Chair: Professor Rachel Webster, Astrophysicist, The University of Melbourne
Dr Katie Mack, Theoretical Astrophysicist, DECRA Fellow, School of Physics, The University of Melbourne
Ms Upulie Divisekera, Coordinator of @realscientists, Molecular Biologist & PhD candidate, Faculty of Engineering, Monash University
Associate Professor Alan Duffy, Science Communicator & Astrophysicist, Centre for Astrophysics & Supercomputing, Swinburne University
Dr Morgan Saletta, Anthropologist of Science & Technology, The University of Melbourne
As science communicators, we are always being asked to evaluate our activities and demonstrate impact. Teachers know this well. How do you know which part of what program helped form the adult you see before you today? That science outreach event you planned for 8-9-year-olds some 20 years ago, did it impact those children as intended? Did it contribute to their later decision to choose a career in science? Did it make them more scientifically literate even though they grew up to do art? If we interviewed them today, would they correctly recall your wonderful program and describe how it changed their life or would it just be part of a fog of memories which included fun trips to the museum with their favourite aunt who was a scientist?
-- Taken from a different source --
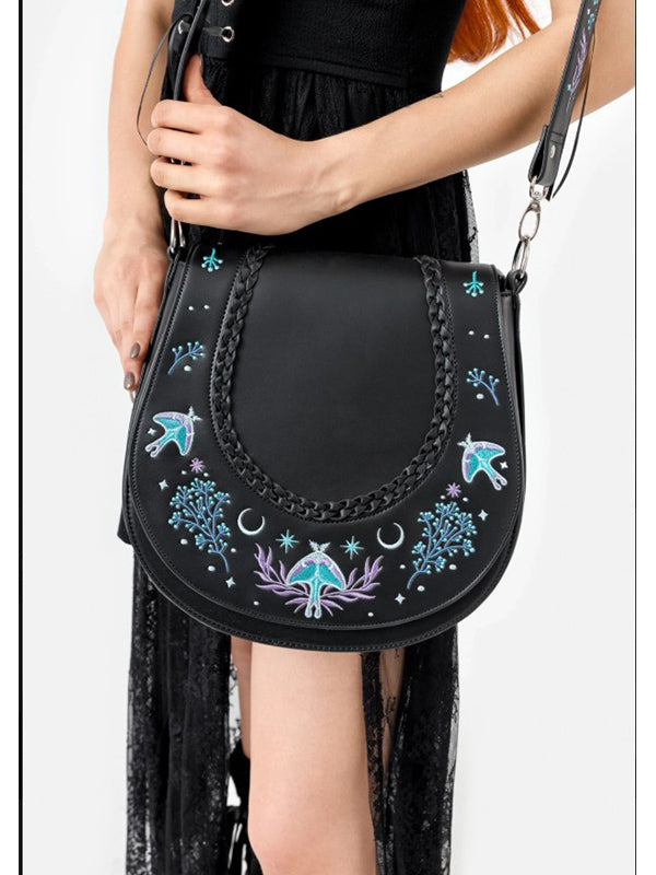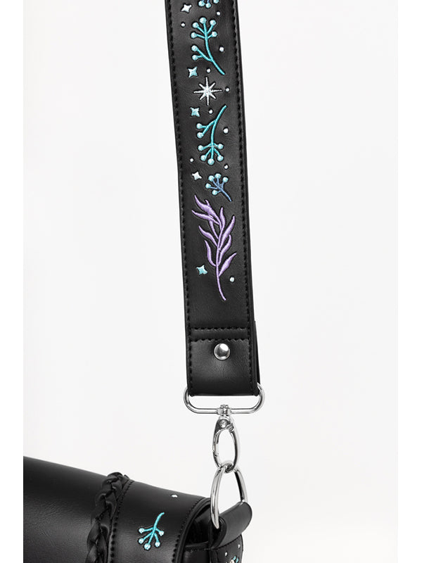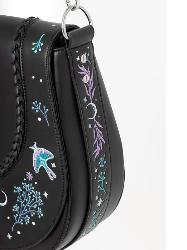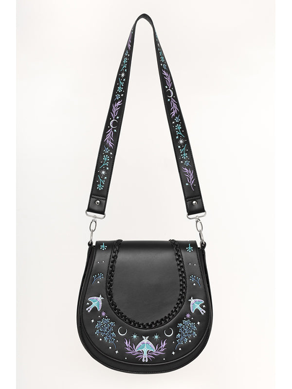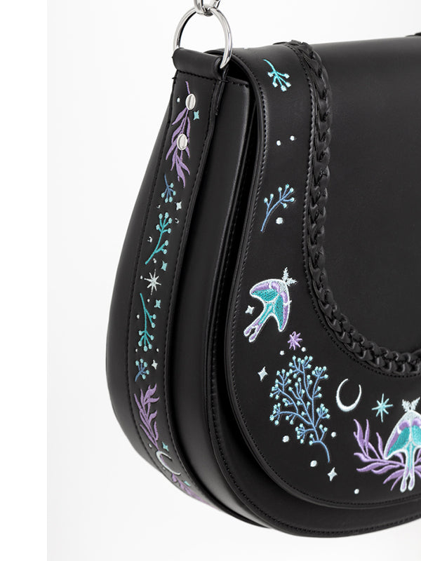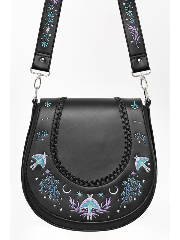 De geborduurde Moonglow-tas is geïnspireerd op betoverde bossen en sprookjesachtige rijken. Ingewikkeld Moonglow-borduurwerk voor een mystieke esthetiek. Gevlochten details op de voorflap voor extra textuur. Veilige ritssluiting met maanvormige trekkers. Binnenzak met ritssluiting en opgestikte zakken voor eenvoudige organisatie Polyester voering voor duurzaamheid.

So, when Rachel Webster was asked at the start of this event, what turned her onto science, it was satisfying to hear her say she had two clear recollections. The first was as at age eight. Something triggered in her a desire to be a scientist, so she asked her mother what she needed to do and then she never strayed from that path – to high school maths, physics and chemistry and onto University. Once at University, it was a Summer School outreach program which led her to Astronomy. This will hearten colleagues who have spent many hours in very unglamorous camping spots eating yet more bad sausages and white bread as they share their enthusiasm for their subject with impressionable newcomers.
That enthusiasm is infectious and it was evident in Rachel’s four very keen, bright colleagues who joined her at this event to share knowledge of space exploration. Their equal passion for science communication guaranteed four thoughtful presentations. We know that public interest in space cuts across all demographics so astronomical discoveries are still covered in the media but with fewer science journalists, there is often a quick image and a ‘gee whiz’ statement. Rarely are new discoveries explained in the context of the larger program of work surrounding them. This event was all context, making those future news bites much more understandable for this audience at least.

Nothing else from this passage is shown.